Kroatiens Beitritt zur Europäischen Union liegt ziemlich genau ein Jahr zurück. Alles ging sehr zurückhaltend und schlicht über die Bühne. Die kroatischen EU-Skeptiker waren viel deutlicher zu hören, als irgendwelche Jubelredner. Die gemischten Gefühle überwiegen bis heute. Zwei Drittel der Kroaten befürchten, dass sie künftig von Brüssel regiert werden.Bei einem Referendum Anfang 2012 lag die Zahl der Befürworter noch bei 68 Prozent. Allerdings: Von den 4,5 Millionen Stimmberechtigten nahmen nur 43,6 Prozent an der Abstimmung teil. Bei der Europawahl im April 2013 sank die Wahlbeteiligung gar auf 20,8 Prozent.
Seit dem EU-Beitritt (1. Juli 2013) ist Kroatien mit je einem Mitglied im Europäischen Rat, in der Europäischen Kommission, im Gerichtshof der Europäischen Union, im Gericht der Europäischen Union und im Europäischen Rechnungshof vertreten.
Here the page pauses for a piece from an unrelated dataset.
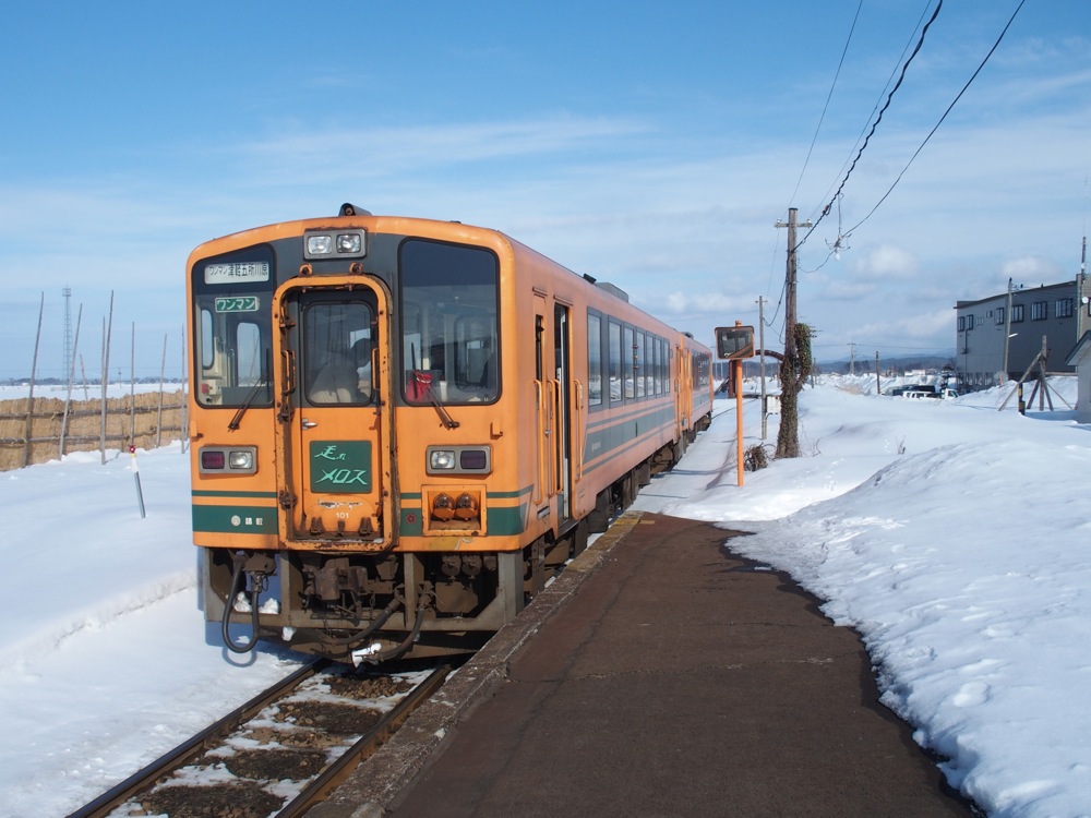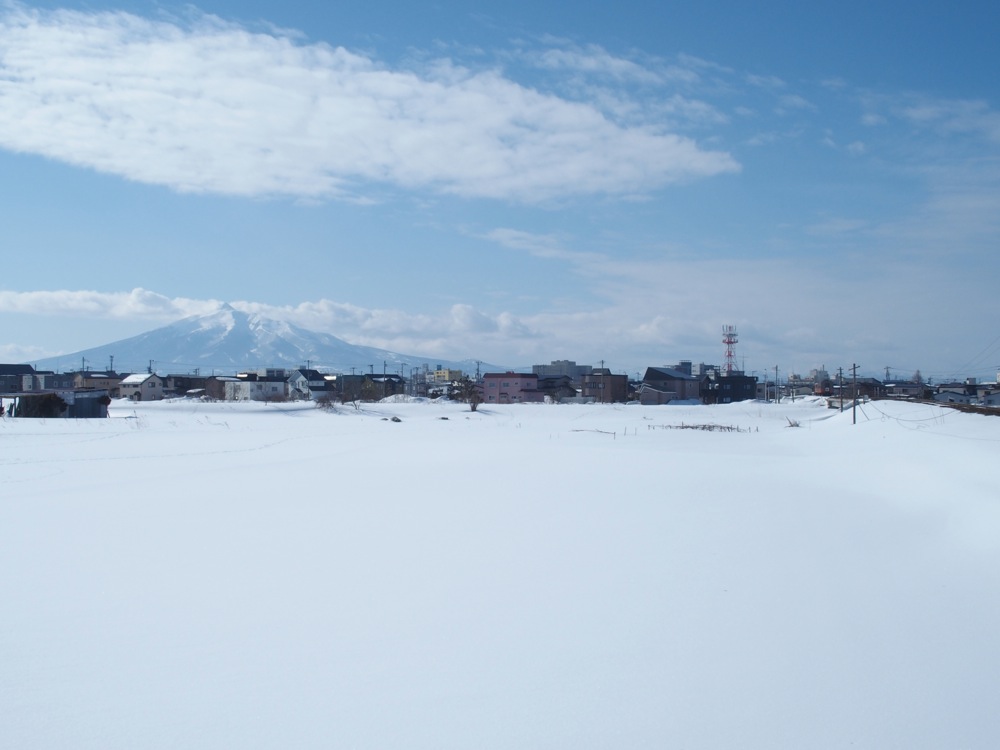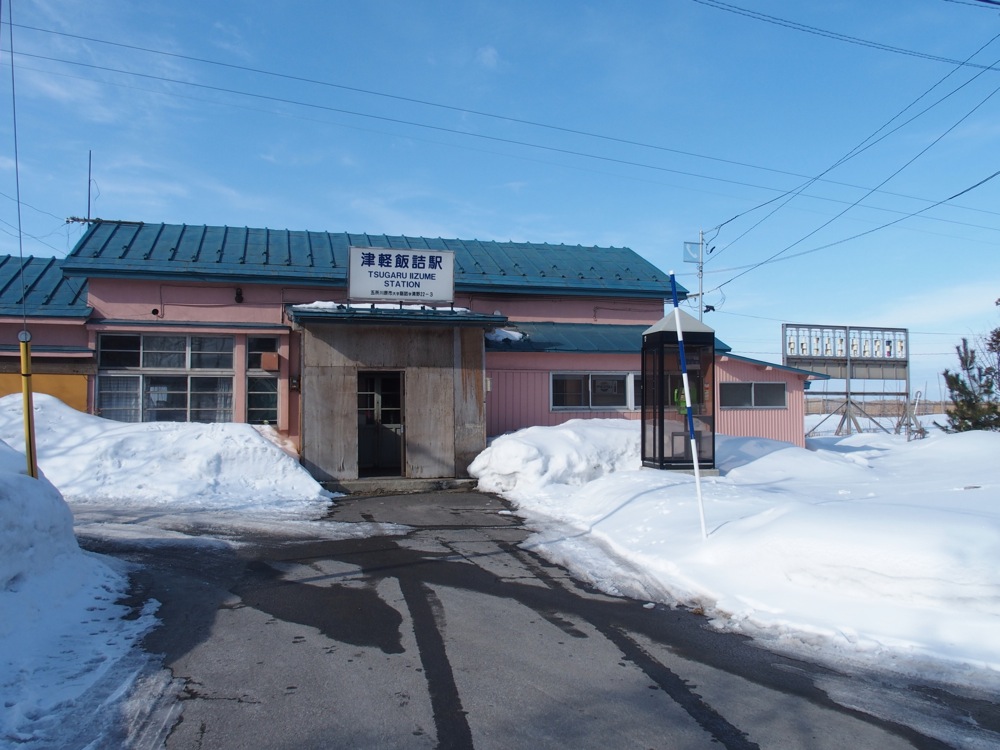 これらの駅間は1kmとなっていますが、歩いていくと多少大回りになるのと、今の時期は積雪で通れない道もあったりしたので、道のり的にはなかなかの距離になっていた事でしょう。周囲は開けていて、正に一面銀世界という感じでしたが、その向こうには相変わらず綺麗な岩木山も望めたりと、正に天候に恵まれた1日だと改めて思いましたね。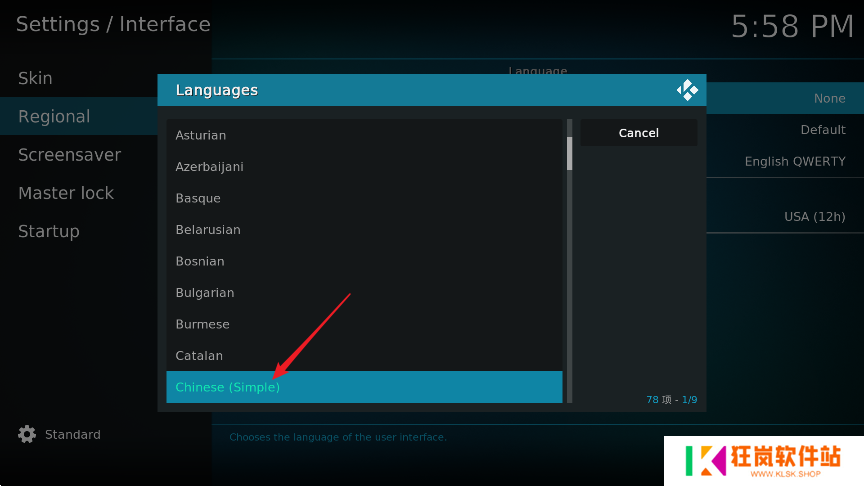 6、在弹出的语言选择窗口中找到“Chinese(Simple)”。

Im Wirtschafts- und Sozialausschuss haben die Kroaten je 9 Sitze, ins Europäische Parlament entsenden sie 12 Abgeordnete. Kroatisch ist zudem die 23. Amtssprache der Europäischen Union. Trotzdem werden die Kroaten in absehbarer Zeit mit Sicherheit keine euphorischen Europabefürworter werden.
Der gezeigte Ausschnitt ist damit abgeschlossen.